◆ **Information shown**
------------------------------------------------
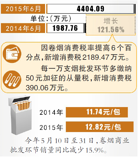 昨日,记者从乌市国税局获悉,5月10日起,卷烟批发环节消费税税率由5%提高至11%,并在批发环节加征0.005元/支的从量消费税。从6月份首个整月税款征收期看,2015年6月征收消费税4404.09万元,较上年同期增收2416.33万元,增长121.56%。其中,因卷烟消费税率提高6个百分点,新增消费税2189.47万元;而每1万支烟批发环节多缴纳50元加征的从量税,新增消费税390.06万元。
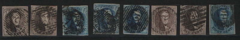 Belgien, ca. 1855, kl. Lot mit besseren / frühen Marken, leicht unterschiedliche Erhaltung
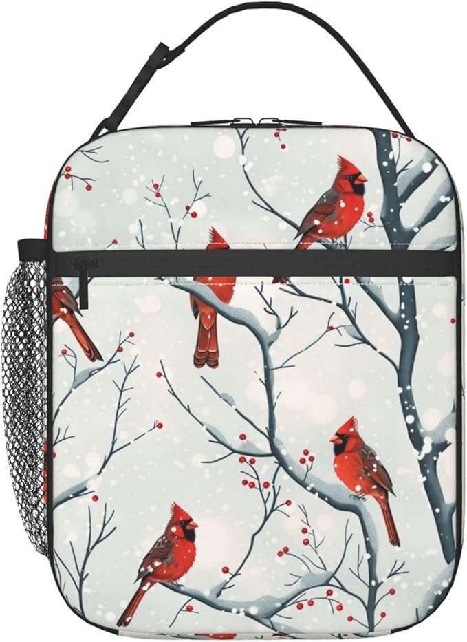 Reusable Cardinal Lunch Box for Kids Girls Boys Women Adult, Insulated Bird Winter Snowy Lunch Bag,Polyester Cooler Handbags Case for School Picnic Work Travel Beach or Hiking
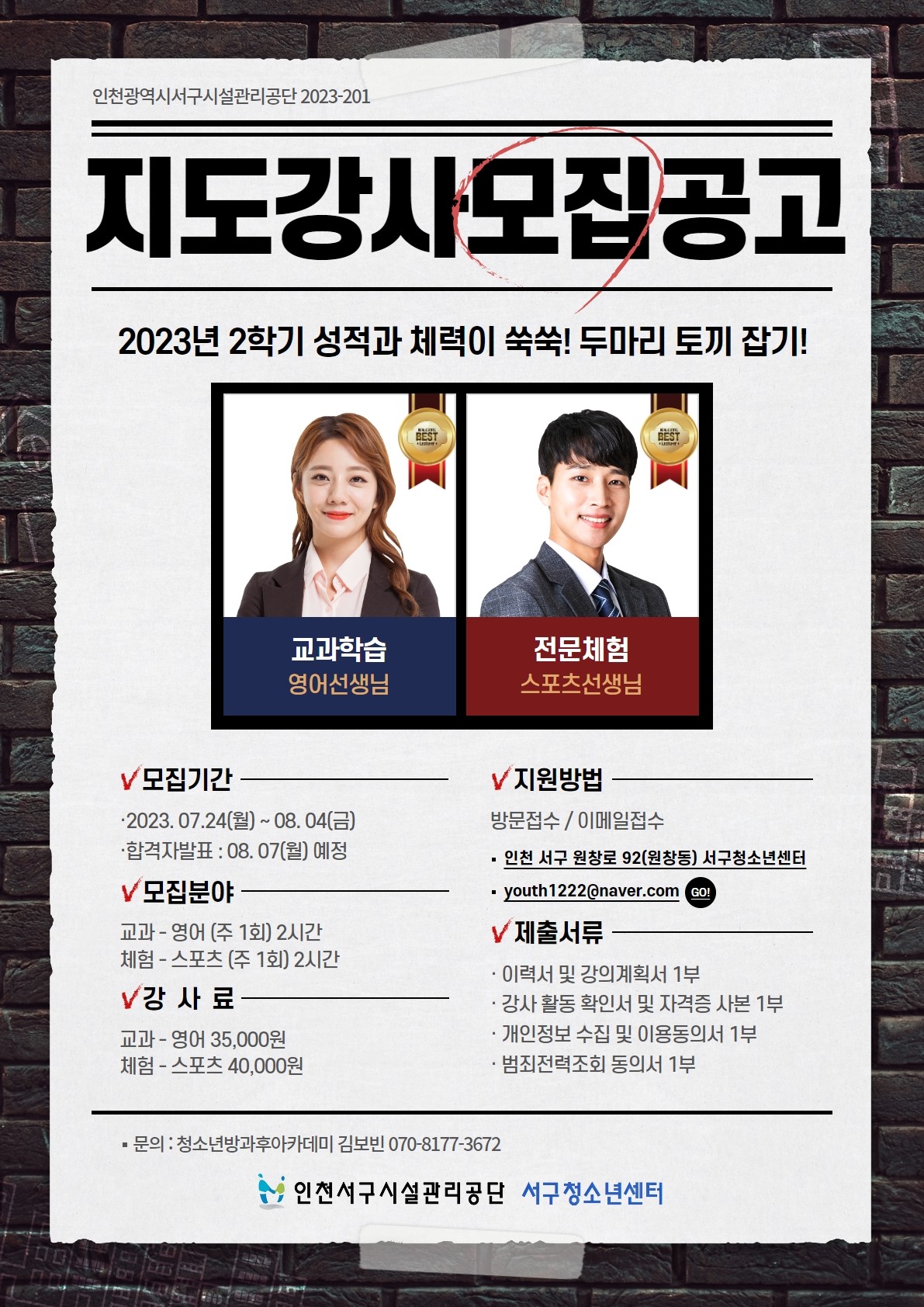 서구청소년센터 청소년방과후아카데미 2023학년도 2학기 지도강사 채용
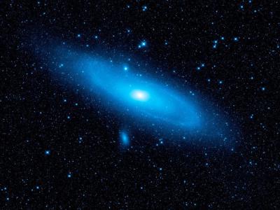 附近的仙女座星系,较老的恒星以蓝色突出显示。一种新的量子引力理论可能有助于解释...
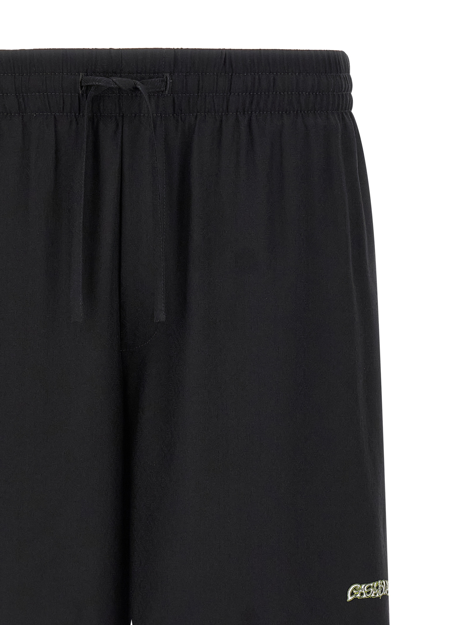 Jacquard monogram silk bermuda shorts, front logo print, back ‘Volcano’ print, drawstring elastic waistband, trompe l’oeil flap, pockets.
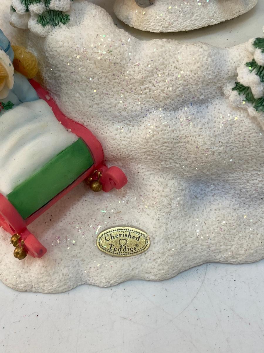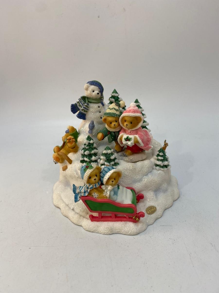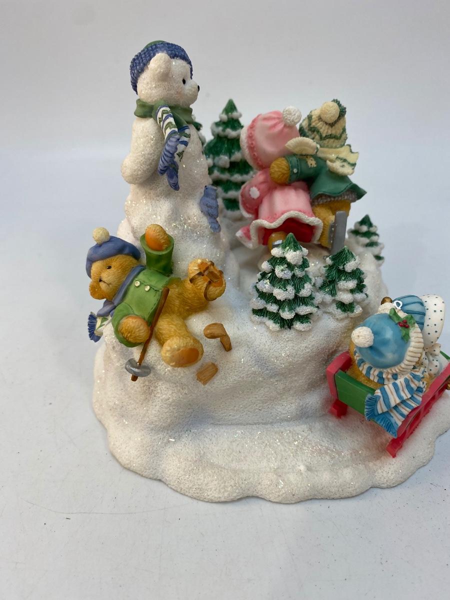 Cherished Teddies Winter Themed Music Box. The ice-skating bears move but music does not play anymore.
------------------------------------------------
◆ **Your instructions**
Only the lines from the one holding "Jacquard monogram silk" to the last line of the entries above should be printed, exactly as they appear and with no pictures.

◆ **Solution to this task**
 Jacquard monogram silk bermuda shorts, front logo print, back ‘Volcano’ print, drawstring elastic waistband, trompe l’oeil flap, pockets.
 Cherished Teddies Winter Themed Music Box. The ice-skating bears move but music does not play anymore.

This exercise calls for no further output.